Choose 401 for authentication failures and clearly document the next steps for re-authentication. Use 402 only when you have a well-defined payment or entitlement flow and customer-facing guidance.
Frequently Asked Questions
What does 401 Unauthorized mean and when should I respond?
A 401 means authentication failed or is missing. Clients should re-authenticate or refresh tokens, and servers should provide a WWW-Authenticate header detailing the required scheme. Use clear payloads to guide remediation.
A 401 means authentication failed or is missing; prompt a re-auth or token refresh and provide guidance in the response.
What is 402 Payment Required and is it used in practice?
402 is defined but rarely used in modern APIs. When implemented, it signals that payment or entitlement is required to proceed and is typically accompanied by a payment flow or billing steps.
402 is defined but not commonly used; it signals payment is required and should trigger a payment flow if implemented.
Can 401 be used to indicate insufficient permissions (like 403)?
No. 401 specifically relates to authentication. A 403 indicates that authentication succeeded but the client is not authorized to access the resource. Distinguish both in your API design and error payloads.
401 is for authentication failures; 403 is for insufficient permissions after authentication.

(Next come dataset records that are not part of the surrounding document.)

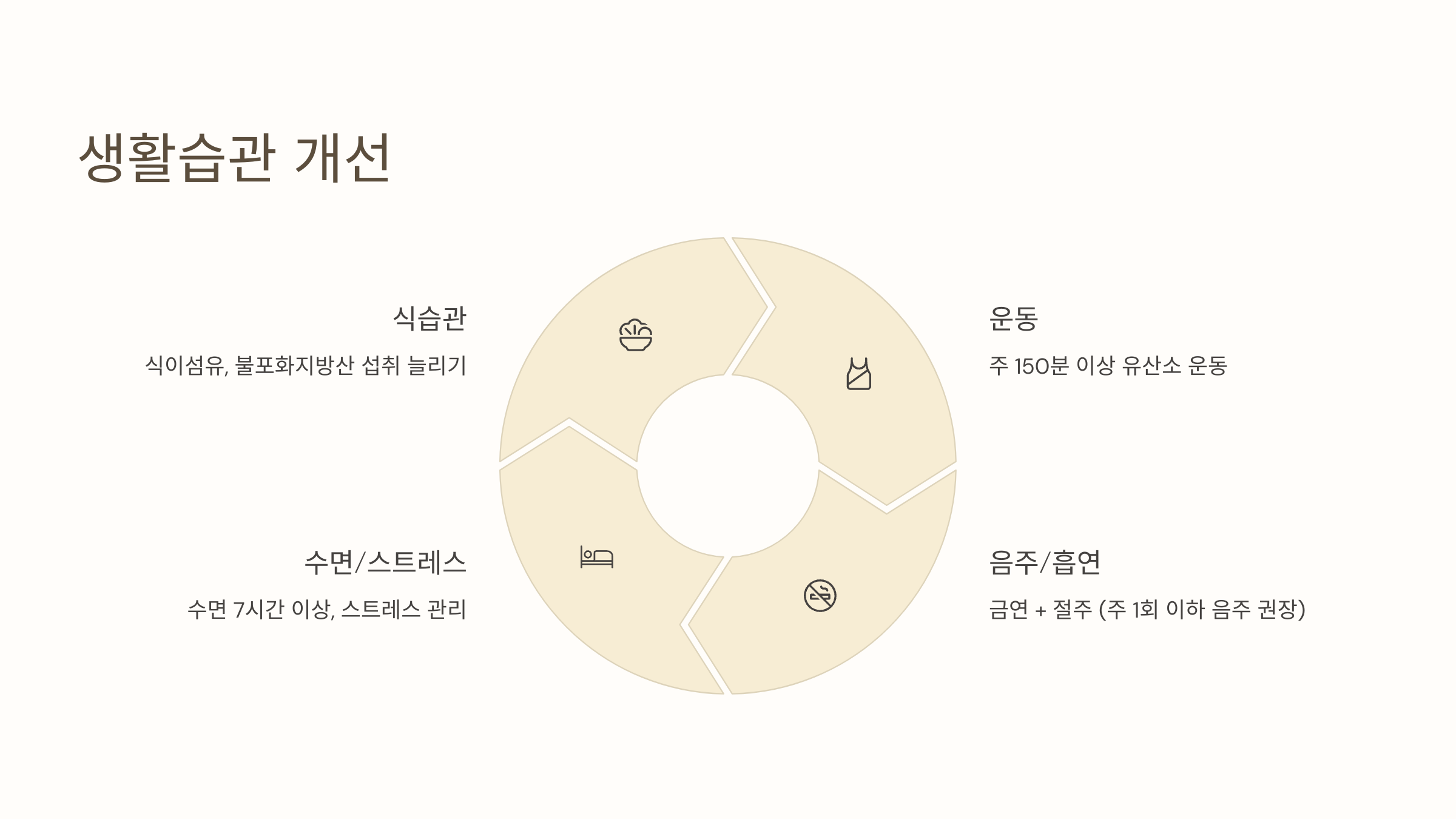 | 식습관 | 식이섬유, 불포화지방산 섭취 늘리기 | 튀김, 가공육, 트랜스지방 줄이기 |
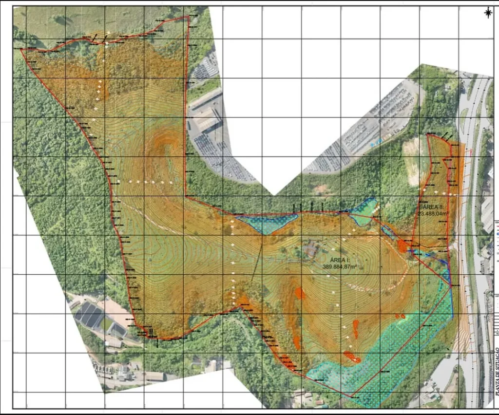 Mapeamento completo com curvas de nível e cotas.
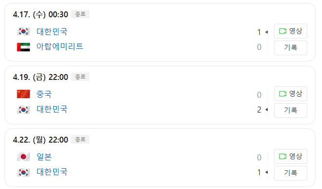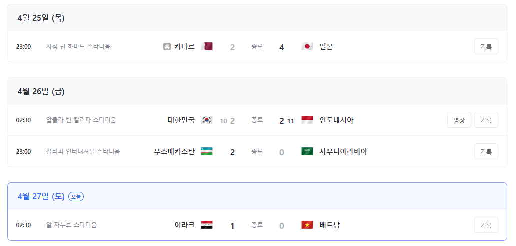 | 4월 25일(목) | 23:00 | 카타르 VS 일본 |
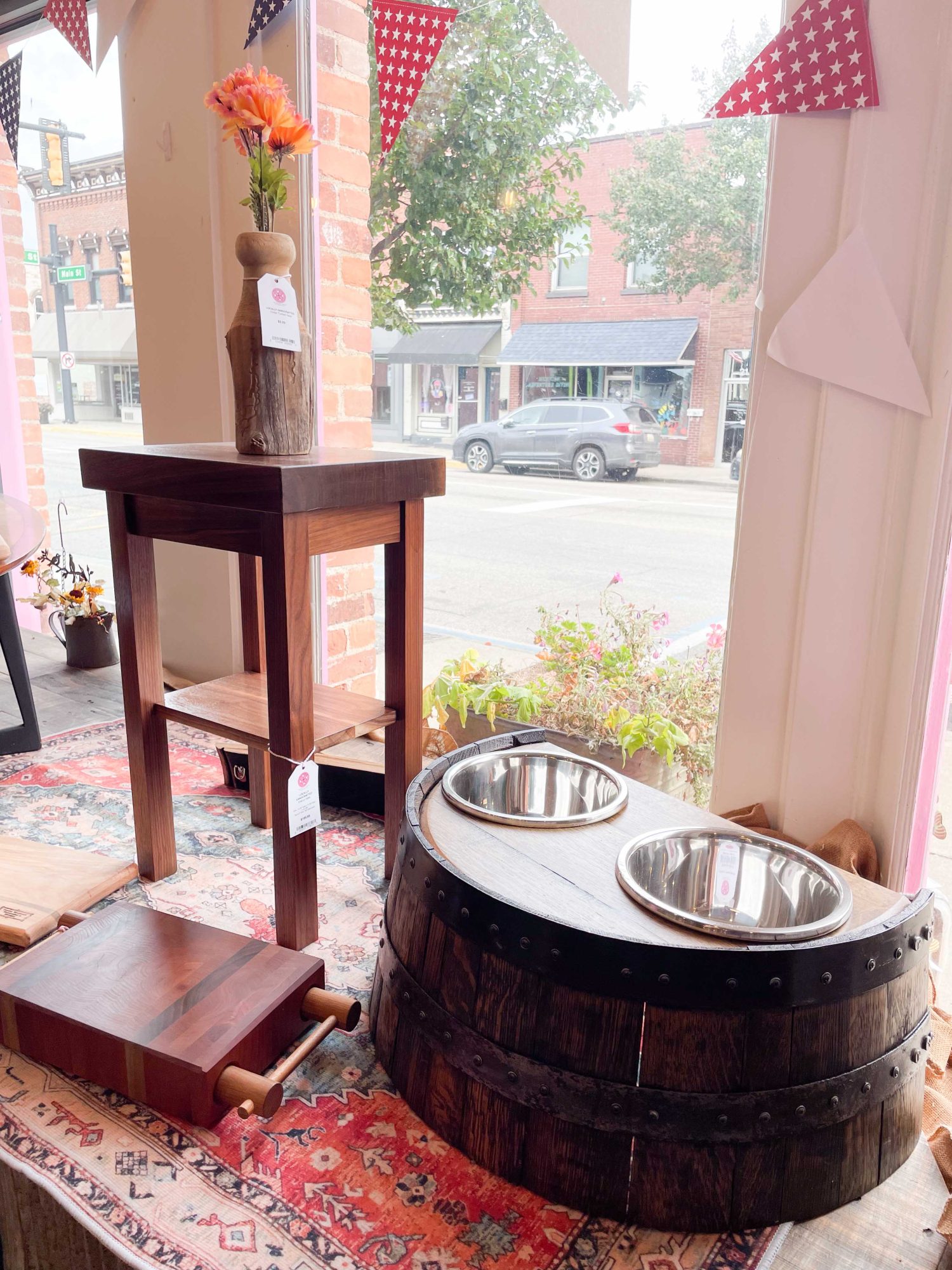 Gordon has been sharing space with his wife, Rita Gordon who owns Pink Shamrocks next door, but had been asking landlord Dave Snyder about availability along Main Street. Gordon previously operated a shop by the same name in Dearborn, where he sold his lumber and handmade furniture, along with his bourbon barrel creations. He makes tables and other items out of the barrels, upcycles the metal bands into lamps and even sells the leftover shavings for BBQ.

How should clients handle a 401 vs 402 in a REST API?
Handle 401 by triggering login or token refresh flows; handle 402 by initiating or guiding through the payment or entitlement process, if you implement it. Always provide a clear, machine-readable payload.
Handle 401 with re-authentication; handle 402 with the payment flow, if implemented, and clear guidance.
Are there security risks signaling payment with 402?
Yes. If you implement 402, ensure payment data is protected and compliant with relevant standards. Avoid leaking sensitive data in error messages and provide secure payment workflow paths.
With 402, protect payment data and document secure flows; avoid exposing sensitive info in errors.
Is 402 widely supported by browsers or proxies?
Not universally. Browsers and intermediaries may not treat 402 distinctly. Rely on API-level error payloads and documented flows rather than browser behavior for guidance.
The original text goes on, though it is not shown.